The semantic database comprises at least one description normalization word, and each description normalization word in the at least one description normalization word corresponds to at least one image feature description word; and a plurality of image feature descriptors corresponding to the same description normalization word are mutually similar words.

6. The apparatus of claim 5, wherein,

the fourth processing module includes:

the third processing sub-module is used for determining expression characteristic parameters associated with the target virtual image according to the image characteristic descriptors;

the fifth processing module includes:

and the fourth processing sub-module is used for adjusting the head pose and the face key point pose of the target virtual image according to the expression characteristic parameters so as to enable the target virtual image to present the image conforming to the generating instruction.

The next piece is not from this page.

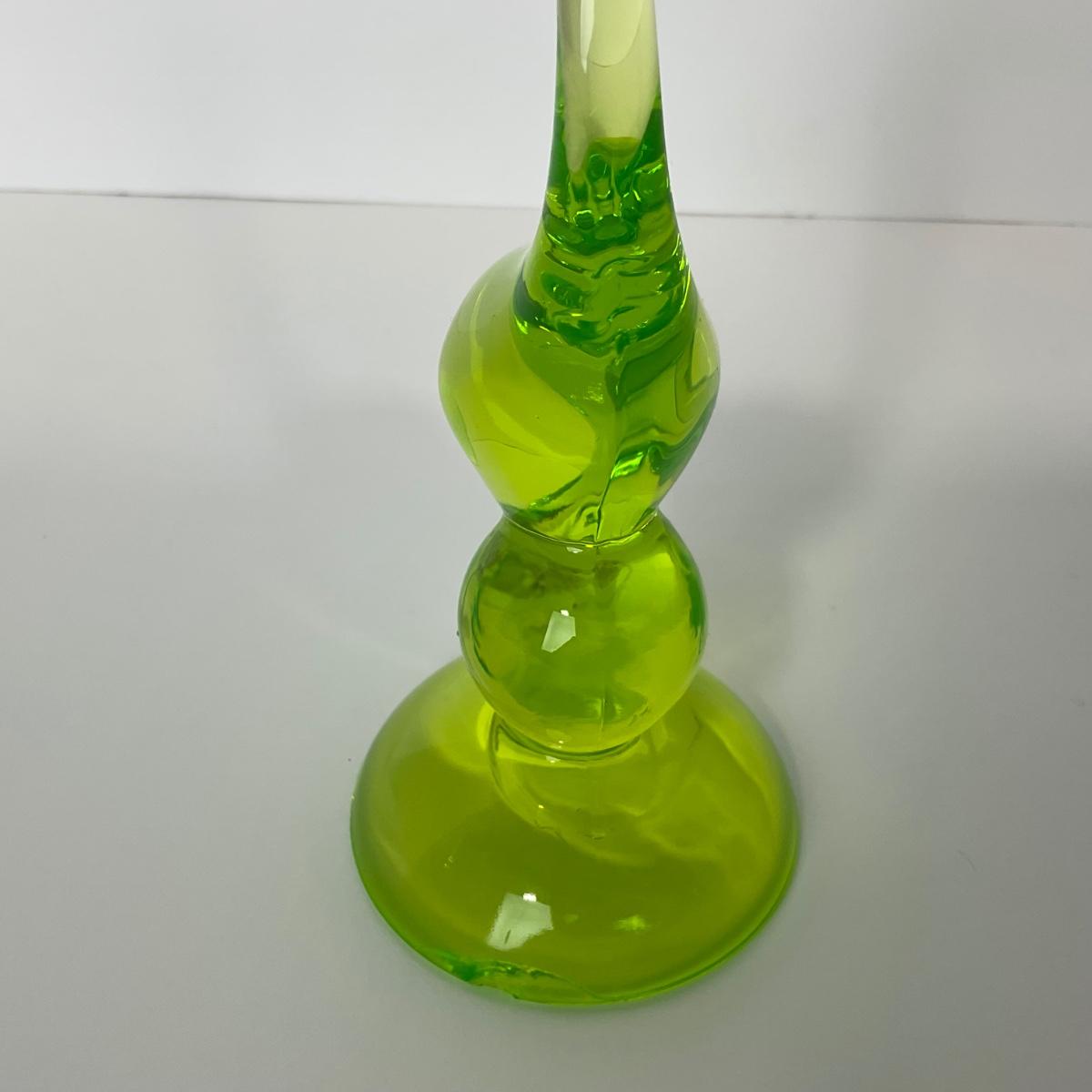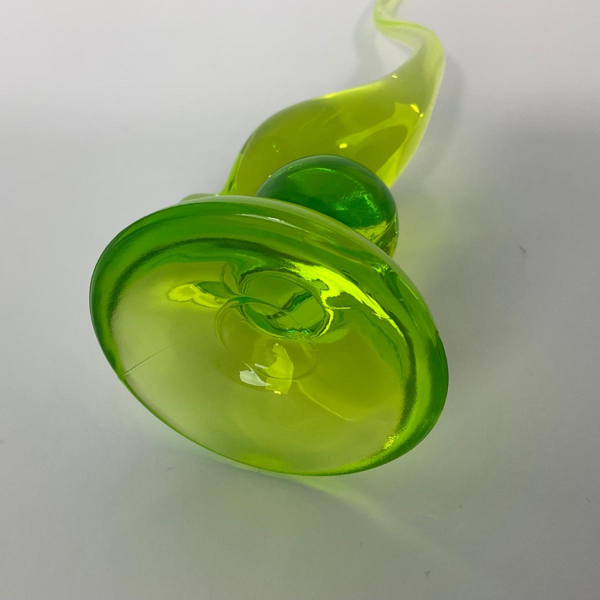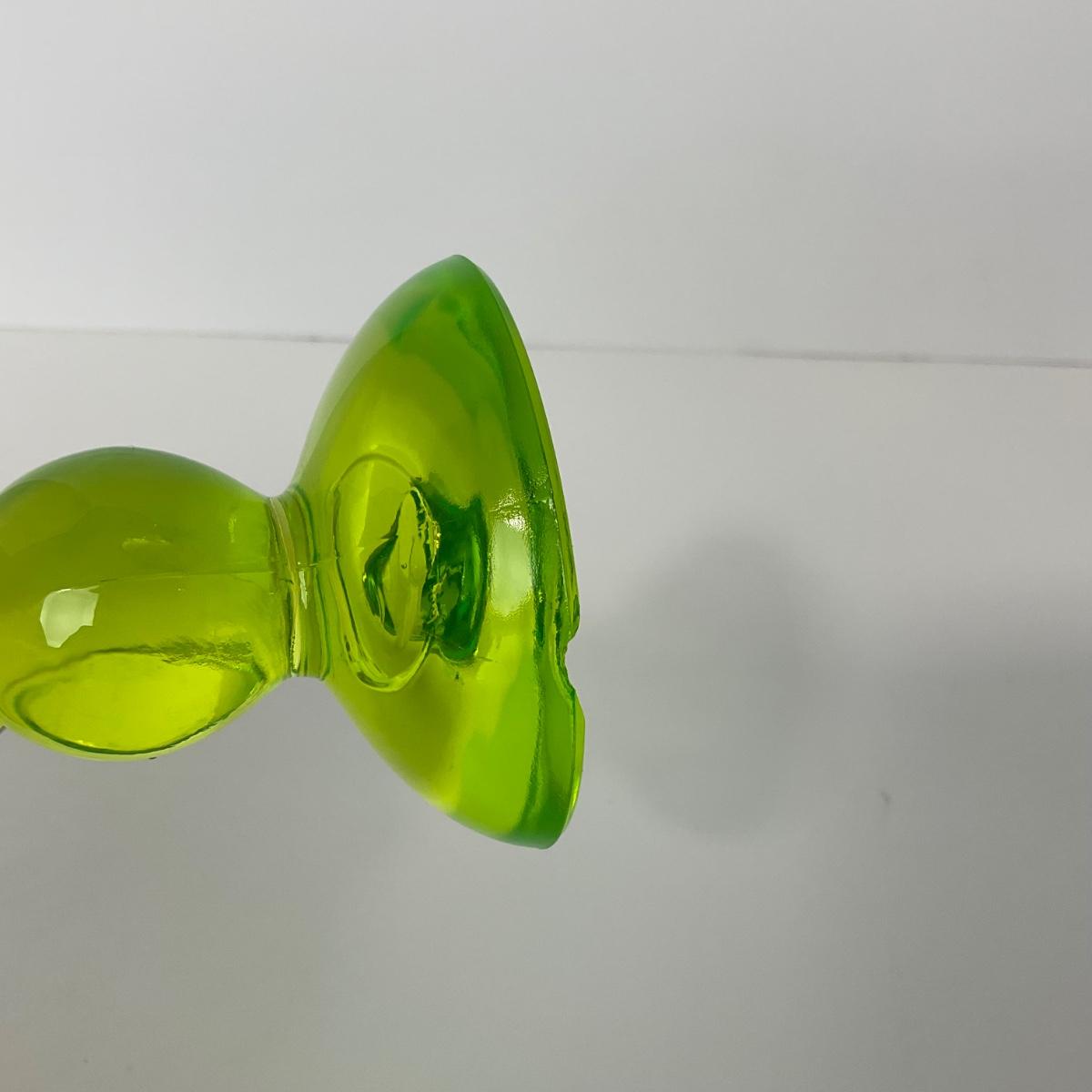 One vintage Uranium glass mid century long tail bird. This yellow green piece is made with uranium so glows under black light. This piece does have a chip on the base but is in otherwise amazing shape. 9 1/2 inches tall. Please see photos for details and condition. Any condition statement is given as a courtesy to a client, is an opinion, and should not be treated as a statement of fact. Reference to condition written, oral or within a condition report shall not be regarded as a full account of condition and may not include all defects, alterations, or restorations. Absence of a condition report does not imply a lot is flawless or lacking imperfections or damage. Katherine’s Auction & Appraisal Service shall have no responsibility for any error or omission. Returns shall not be accepted on the basis of condition. ::: Shipping is available on this lot. If you require shipping you must let us know at the close of the auction. We will coordinate with you after the item has been won. Shipping fees will include insurance up to or exceeding the value of all items being mailed. If you have any questions regarding this lot please contact the auctioneer either via this website, by direct email or by phone. PICK UP TIMES and other important information can be found in the TERMS and DESCRIPTION of the auction. Please take a look for pertinent information. Thanks!

7. The apparatus of claim 5, wherein,

the fourth processing module includes:

a fifth processing sub-module, configured to determine, according to the avatar feature descriptor, a speech feature parameter associated with the target avatar, where the speech feature parameter includes a sound feature parameter and a speech resource parameter;

the fifth processing module includes:

and the sixth processing sub-module is used for adjusting the sound characteristics of the target virtual image according to the sound characteristic parameters so that the target virtual image plays the speaking contents indicated by the speaking resource parameters based on the adjusted sound characteristics.

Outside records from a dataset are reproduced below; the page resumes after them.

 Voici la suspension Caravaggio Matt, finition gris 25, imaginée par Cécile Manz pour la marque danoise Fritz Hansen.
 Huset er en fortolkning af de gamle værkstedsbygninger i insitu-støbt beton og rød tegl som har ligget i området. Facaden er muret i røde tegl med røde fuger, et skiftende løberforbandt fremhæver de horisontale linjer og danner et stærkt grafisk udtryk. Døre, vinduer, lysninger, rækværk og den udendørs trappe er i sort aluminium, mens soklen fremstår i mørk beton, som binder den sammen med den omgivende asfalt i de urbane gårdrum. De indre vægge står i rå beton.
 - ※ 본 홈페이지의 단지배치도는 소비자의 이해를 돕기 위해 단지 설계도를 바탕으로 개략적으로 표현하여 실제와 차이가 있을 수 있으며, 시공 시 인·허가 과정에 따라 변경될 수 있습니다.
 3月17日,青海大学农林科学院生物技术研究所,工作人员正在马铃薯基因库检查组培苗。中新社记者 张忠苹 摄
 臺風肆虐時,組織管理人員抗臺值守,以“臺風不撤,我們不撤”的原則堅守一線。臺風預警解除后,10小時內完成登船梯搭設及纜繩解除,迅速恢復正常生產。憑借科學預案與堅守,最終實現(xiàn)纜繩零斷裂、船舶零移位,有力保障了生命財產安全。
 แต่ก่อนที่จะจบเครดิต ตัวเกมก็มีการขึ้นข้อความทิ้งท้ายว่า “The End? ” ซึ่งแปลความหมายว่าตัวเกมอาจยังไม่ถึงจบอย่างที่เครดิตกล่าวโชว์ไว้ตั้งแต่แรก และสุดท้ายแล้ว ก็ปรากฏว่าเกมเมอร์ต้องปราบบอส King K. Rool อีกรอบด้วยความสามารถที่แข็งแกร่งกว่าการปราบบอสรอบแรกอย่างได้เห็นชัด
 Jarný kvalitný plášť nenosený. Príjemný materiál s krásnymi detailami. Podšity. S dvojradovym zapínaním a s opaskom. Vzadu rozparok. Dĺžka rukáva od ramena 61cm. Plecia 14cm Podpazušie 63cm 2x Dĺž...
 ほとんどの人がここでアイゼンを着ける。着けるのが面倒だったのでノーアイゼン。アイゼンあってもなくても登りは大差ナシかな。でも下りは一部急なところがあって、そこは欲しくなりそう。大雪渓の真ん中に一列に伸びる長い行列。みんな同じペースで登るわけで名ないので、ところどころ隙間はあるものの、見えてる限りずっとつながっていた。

8. The apparatus of claim 5, wherein,

the fourth processing module includes:

a seventh processing sub-module for determining display parameters associated with the target avatar according to the avatar characteristic descriptor;

the fifth processing module includes:

an eighth processing sub-module, configured to obtain, according to the display parameter, a grooming material indicated by the display parameter from a preset image resource library; and

and a ninth processing sub-module, configured to apply the grooming material to the target avatar, so that the target avatar presents an avatar conforming to the generating instruction.

9. An electronic device, comprising:

at least one processor; and

a memory communicatively coupled to the at least one processor; wherein,,

the memory stores instructions executable by the at least one processor to enable the at least one processor to perform the method of any one of claims 1-4.

10. A non-transitory computer readable storage medium storing computer instructions for causing the computer to perform the method of any one of claims 1-4.